Я помню с Д. С. мы встреч а лися по утрам, часов в 10, за утренним чаем; З. Н. не вставала (вставала не ранее двух); Т. Н. Гиппиус была в Академии; за столом мы встречались одни; кто не знал Д. С., мог бы подумать:
-- Чего он надулся?
-- За что он так сердится?
Чопорно, сухо, с оттенком брезгливости мне подавал свою ручку Д. С., но я знал, что оттенок брезгливости вовсе ко мне не относится; просто был полон он мыслей; перед работою: от половины одиннадцатого и до двенадцати аккуратно отписывал он свою малую порцию романа "Петр и Алексей"; и потом, что-то тихо посвистывая, надевал меховую он шапку и быстрыми, перебегающими шагами, пересекал коридор, направляясь в переднюю: шел он гулять в Летний сад, оставляя на письменном столе в кабинете открытую рукопись с непросохшим чернилом; мне случалось невольно прочитывать окончание последней, написанной фразы.
В два -- завтракали (чаще всего без З. Н.).
И потом расходились.
. . . . . . . . . . . . . . . . . . . . . . .
Мое путешествие из дома Мурузи к Казармам происходило в 2--3 часа (каждый день); просиживал часто у Блоков часов до 6, до 7; очень часто обедал у них.

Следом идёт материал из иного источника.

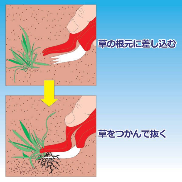 雑草を手を汚さずに簡単に取れるグッズです。トングのような形状で、草に先を差し込み指でつかみ取る感覚で草取りがカンタンにできます。とても軽く、はさみこむ力も軽い力で挟み込めるので、女性でも作業がしやすくなってます。大きめの草などは、根元に差し込んでからテコの要領でカンタンに根起こしができます。草取り楽だを横にしてトングでつかむようにして草を取ることも出来ます。毛虫や芋虫やナメクジのような害虫もつかんで捨てることができます。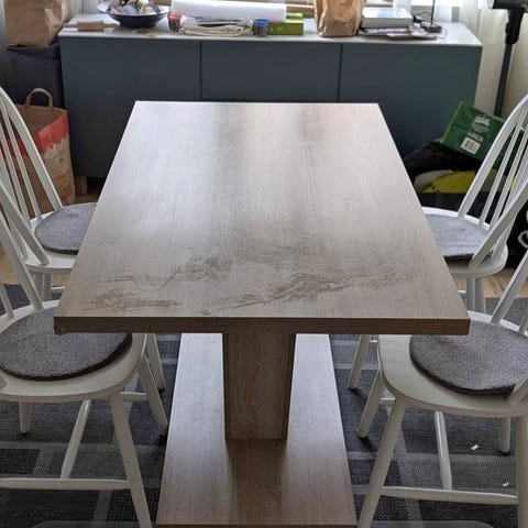 Säljer matbordet tillsammans med stolarna. Allt är ner monterat därav har jag inga fler bilder. Andra bilden är från Jysk hemsida fast i svart.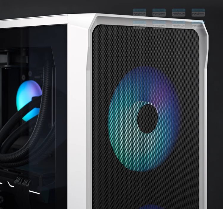 Fractal Focus 2 sở hữu thiết kế mặt trước dạng lưới thép cứng cáp giúp không khí lưu thông dễ dàng vào bên trong thùng máy. Hệ thống gồm hai quạt 140 mm Aspect 14 RGB được lắp sẵn ở mặt trước giúp làm mát các linh kiện hiệu quả ngay từ khi khởi động. Ngoài ra, người dùng có thể lắp thêm đến 6 quạt 120 mm hoặc 4 quạt 140 mm để nâng cao khả năng tản nhiệt toàn diện.
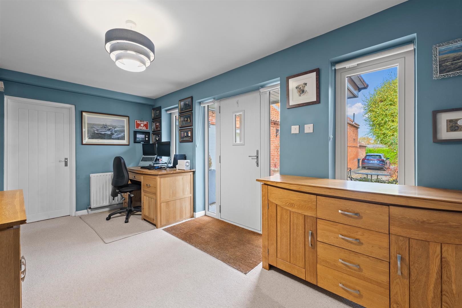 Exterior - The property occupies a pleasant, established, secluded plot tucked away off a small close right at the heart of the village, set well back behind a walled frontage beyond which lies a good level of off road parking and a level lawn with established borders with a range of trees and shrubs. The front door is approached by an initial terrace and, in turn, an attractive timber framed traditional style porch and the main entrance. The main gardens lie to the south and west and link back into the garden room providing a fantastic outdoor entertaining area which is mainly laid to lawn but with established trees and shrubs and a secluded courtyard area at the rear. The property is enclosed to all sides in the main by brick walls providing a secure outdoor space perfect for families.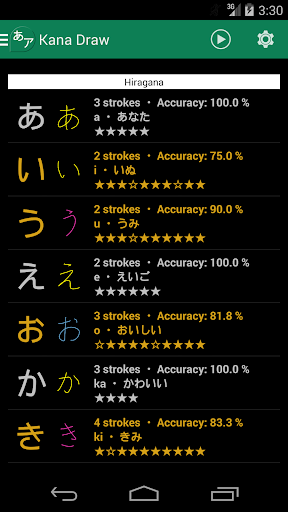 假名塗鴉板可用來幫助練習你的日文寫作及記憶。筆劃先後順序是日文學習非常重要的一環。這個程式可以幫助您在一開始就扎好基礎。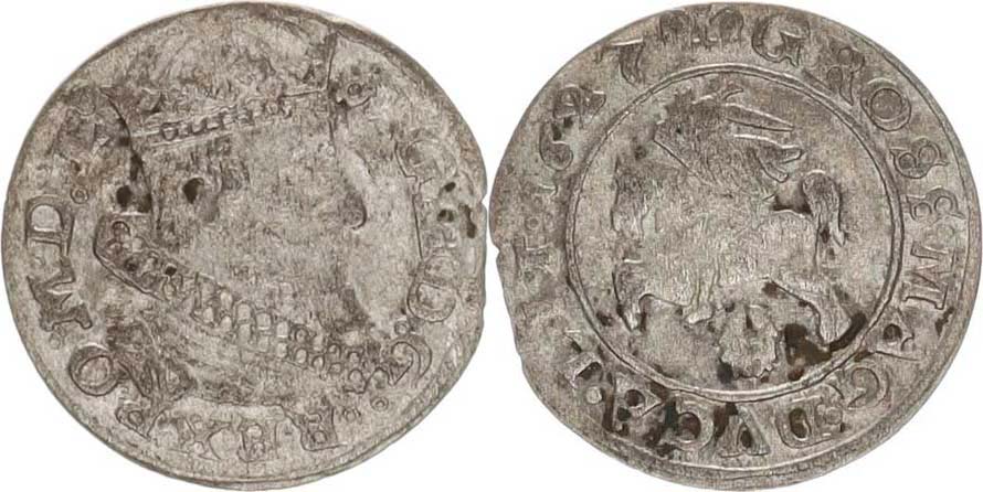 Groš litevský 1627, Wilno-Naruszewicz var.: ve všech opisech jso u rozděl. zn. kroužky (i za GROSS °/ - bez kroužku za datací Ivanauskas 3SV151-42. Kopicki 3505 0,799 g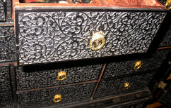 Cabinet on stand, large, intricately carved, ebony exterior and interior, drawers, gold attachments (possibly recent), covered in floral scroll patterns, apron supported on spiral turned legs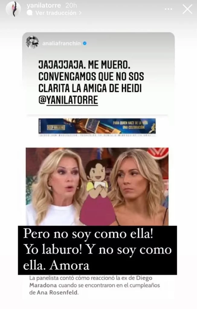 Posteo que la propia Yanina replicó en sus historias de instagram recogiendo el guante y redoblando el ataque contra Oliva. “Pero no soy como ella. ¡Yo laburo! Y no soy como ella, Amora…”, escribió la angelita, fiel a su estilo polémico.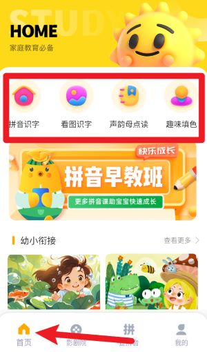 1、打开APP,点击首页的“拼音识字”等图标,即可进入相应识字、母读或填色等互动学习模块。

Запомнилась мне их квартира, естественно, разделенная на половину А. А. и Л. Д. и на прочие комнаты; половина А. А. состояла из кабинета и спальни.
Бывало звонюсь: открывает денщик; коль А. А. и Л. Д. дома нет, -- я вхожу в двери прямо, в гостиную; знаю, что встречу я здесь Александру Андреевну, с которой все более я дружу; тема наших общений самостоятельная, разговоры, напоминающие бывалые, бесконечные мои разговоры с О. М. Соловьевой; у Александры Андреевны тот же пытливый, скептический взгляд, наблюдающий подоснову душевных движений; она как бы мне говорит своим видом:
-- Ну, да, -- хорошо: утверждаете свет... Покажите мне вашу тайную лабораторию света.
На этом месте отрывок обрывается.